Previous research had shown that a 5.1 kb region upstream of the elt-2 start codon is sufficient to drive gut reporter expression when introduced to wild-type worms in the form of an extrachromosomal array (T Fukushige, Hawkins, & McGhee, 1998; Tetsunari Fukushige, Hendzel, Bazett-Jones, & McGhee, 1999). We found that this large region contained a putative coding region (C39B10.7) and non-coding RNA (C33D3.6). In order avoid duplicating these potential trans-regulatory elements, we initially looked at the shorter 1879 bp region between the putative non-coding RNA C33D3.6 and the elt-2 start codon. This 1879 bp region contains 18 motifs matching to the GATA transcription factor binding consensus sequence HGATAR with 10 of the 18 motifs matching to TGATAA - a more specific motif often found in the promoters of gut expressed genes (McGhee et al., 2009).

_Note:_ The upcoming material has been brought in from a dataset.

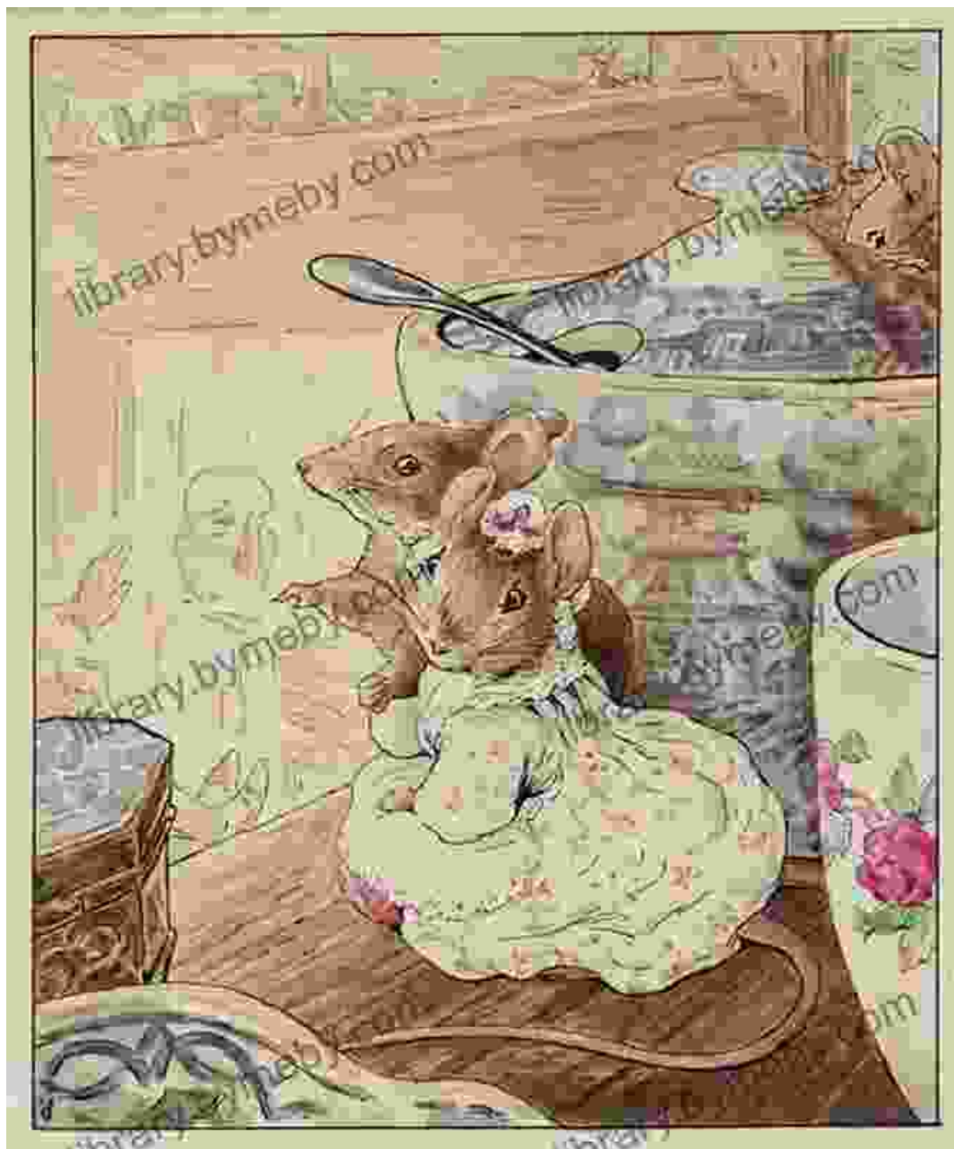
The Birth of Peter Rabbit

Beatrix's artistic inspirations included the Pre-Raphaelite painters, such as Edward Burne-Jones and John Everett Millais. She admired their intricate brushwork and their ability to create scenes that were both beautiful and evocative. She was also influenced by the Japanese art she encountered at the Victoria and Albert Museum, which impressed her with its simplicity and elegance.

Fluorescence microscopy of the 1879:WT reporter strain showed that the 1879 bp upstream fragment was sufficient to drive production of gfp transcripts during embryonic development (smFISH of gfp transcripts) as well as the remainder of the worm's life span (GFP fluorescence) (Table 1, Supplemental Fig S1). Although this reporter produced lower levels of expression than endogenous elt-2 in worms with between approximately 70 and 120 nuclei, the overall expression trajectory was similar to endogenous elt-2 (Supplemental Fig. S1)(Nair, Walton, Murray, & Raj, 2013; Raj et al., 2010), suggesting that many if not most of the critical CREs for the majority of elt-2 expression fall within this region and that targeted mutation of the reporter's promoter would give valuable insights into the logic and functional organization of elt-2 cis-regulation.
To cut down on the number of candidate HGATAR motifs that could be responsible for elt-2 promoter-driven gene activation, we tested whether a more minimal promoter could drive gut gfp expression. We first generated a reporter construct encompassing 613 bp upstream of the elt-2 start codon (Table 1 613:WT). This shortened promoter produced gfp expression levels only about 50 transcripts lower than the 1879 bp promoter during the 4E stage, suggesting that this fragment contains the primary CREs needed for driving endoderm gene expression (Figs. 2, S2).
To determine whether presence of the 4G motif cluster was sufficient for driving reporter expression, we generated a 422 bp un-mutated elt-2 promoter reporter strain (Table 1 422:WT). The 422:WT strain failed to produce any reporter expression during embryogenesis (assessed by smFISH) or in adults (assessed by GFP fluorescence). These results demonstrate that one or more CREs located between -613 and -422 upstream of the elt-2 start codon are necessary for promoter-driven gene expression. Within this region, we identified a single highly conserved ACTGATAAGA motif at -527 bp (Fig. 1C; red arrow).
The -527 bp ACTGATAAGA sequence matched perfectly to the highest scoring sequence found to be associated with intestinally expressed genes in McGhee et al. (2009). Furthermore, the ACTGATAAG portion of this sequence is almost perfectly conserved in the Elegans supergroup (in C. remanei the sequence is AGTGATAAG) (Fig. 1C; red arrow). Close examination of TSS data from Saito et al. 2013 revealed both dispersed low-level transcription along the 1879 bp elt-2 upstream region and a distinct peak of transcriptional activity at -482 bp (Fig S3).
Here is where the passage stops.